The demon's head whipped around and she smirked at Parker. "Right. Now that little distraction is out of the way…" she tilted her head coyly. "It's your turn. I must say, that kick hurt like a son-of-a-bitch, so I don't know how gentle I'm gonna be with you, sadly. Although, I expected more from a Halliwell, so I know that you let me off lightly." She advanced towards him.
"Whoa. Whoa, whoa. Slow down there," Parker commanded, pointing at her and flashing a nervous smile. "One: Not a Halliwell." He picked up the device around his neck and gestured to it. "Two: This is a panic button. If I press it, five armed men are paid to come running. Still a good idea to attack me?"
The blonde laughed. "Oh, funny. One: If you're not a Halliwell, what are you doing standing at the stove mixing a potion to kill me?" she asked, tilting her head and puckering her lips slightly. "That's not very friendly, is it? It's also not very sensible to deny you're a filthy witch when, with my own eyes, I saw what you were doing. And Two: Even if that is a panic button, bring the men on. I like armed men." She crinkled her nose. "They think they're invincible." She crossed the rest of the space between them and Parker shifted his thumb so that it hovered above the red button. "It makes it that much better when I tear them apart with my bare hands, just to hear them scream," she whispered sensually in his ear, backing off slightly and smiling at him. "I've had enough of this now. I'm sick of all of this playing around. All we want is for you to yell nice and loud for your brother, and then die quickly. Think you can manage that?"
"'We'?" Parker echoed confusedly, searching her face.
"Yes. We," two voices informed him in unison. The other two demons appeared on either side of him.

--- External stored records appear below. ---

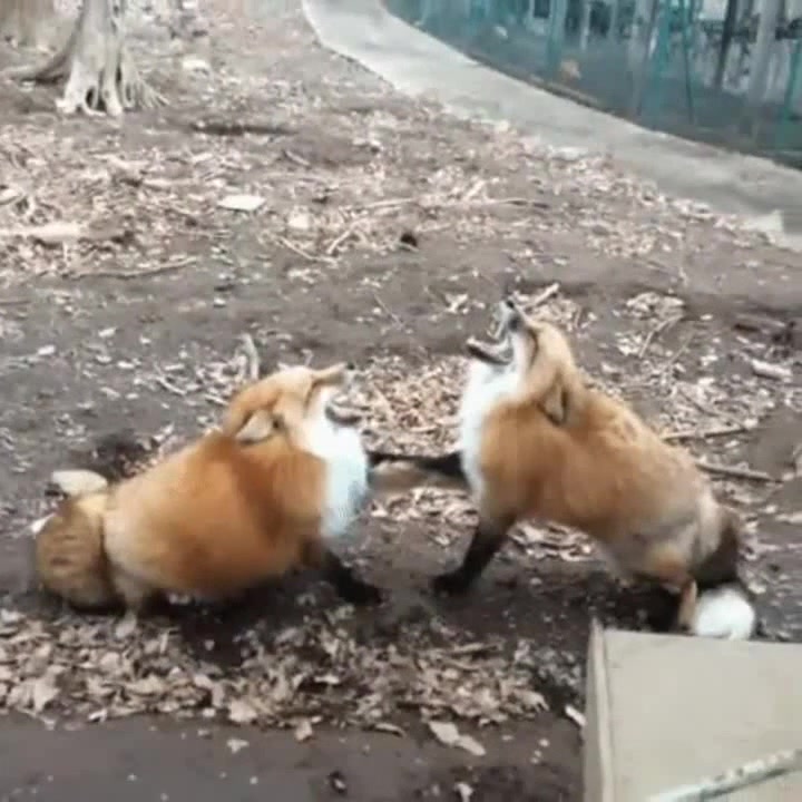 Two foxes laugh
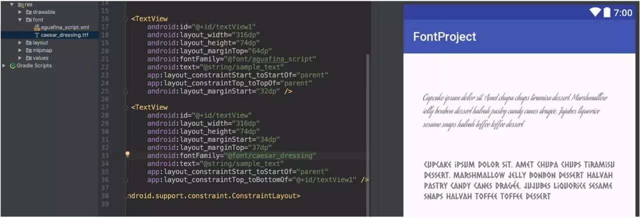 Android O 中已充分支持 Fonts 字体资源类型,允许开发者直接在 XML 布局中访问字体并定义字体系列。
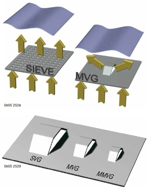 Menší patra nabízí díky menší tlakové ztrátě vyšší kapacitu než ty vetší. Můstky MVG poskytují vyšší kapacitu než standardní síťové patra při vyšší účinnosti a menším poklesu tlaku na jedno teoretické patro.
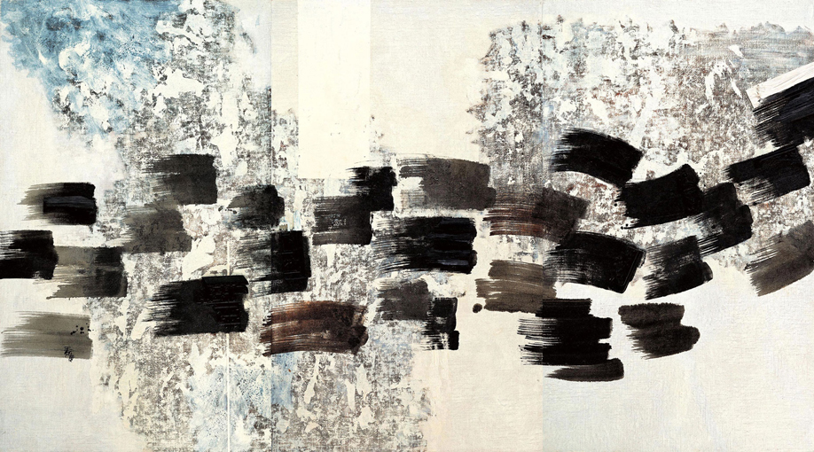 As for his forms of painting, black and white have been Wang's main colors since the mid 1980's. This reminds people of his mentor: Wu Guanzhong. Wang has discovered the purity and strength of black and white from various sources such as the white walls and black tiles of the ancient buildings to the south of the lower reaches of the Changjiang River, and the structures of traditional calligraphy. Black and white is the most important pair of colors in Chinese painting inheritance, and our ancestors' sentiment of the two colors has been inherited over a long history. Black, at the ultimate level beyond any other color, calls out the inner connection inside traditional Chinese art. Wu Guanzhong guided and transited from B&W colors to the structure of abstract paintings. This enlightened Wang Huaiqing to make the same selection of the contradiction and counterpoint of B&W. He deliberately blackens the furniture in the paintings to alter the original color of the object and to change it into a form of art. This also reflects Wang's effort of tracing and connecting to the origin of culture. Wang is good at dealing with the texture of paintings. He manages to make mottled spaces between B&W. Those spaces represent the trail of history and enrich the expression of the paintings.
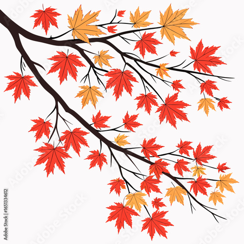 Stylized illustration of a tree branch with red and yellow autumn leaves on a white background
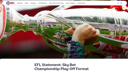 챔피언십 플레이오프 참가팀 확대를 발표한 EFL 홈페이지 |

"Let's play," the brunette said coyly, alluringly withdrawing the largest knife from a knife block in a box at her feet. She smiled and gently dragged the point across Parker's throat. "But we'll use my toys, not yours. Drop it," she ended on a snarl.
Parker let the panic button fall to his chest, and then closed his eyes and gave a sharp intake of breath as she made a violent slashing motion to the side. He opened his eyes as a small, plastic clatter sounded and looked down to find that she'd merely sliced the panic button from his neck and not through his jugular as he had expected.
"We'll use my toys, though," the brunette continued, smashing the button with her heel. "Not yours. Does that work for you?"
"Who are you?" Parker asked, his dry mouth barely able to force words out.
The raven-haired demon smiled, speaking for the first time. She tilted her head. "Probably the last pretty face you'll ever see," she said sweetly, smiling serenely as she backhanded Parker to the floor. "So make the most of it," she commanded severely, the change in the tone of her voice making her sound extra menacing. She and her sisters crossed the room, leaving Parker to gingerly nurse a bloody cheek and nose on the cold kitchen tiles with the back of his hand, watching their retreating backs with wide, fearful eyes.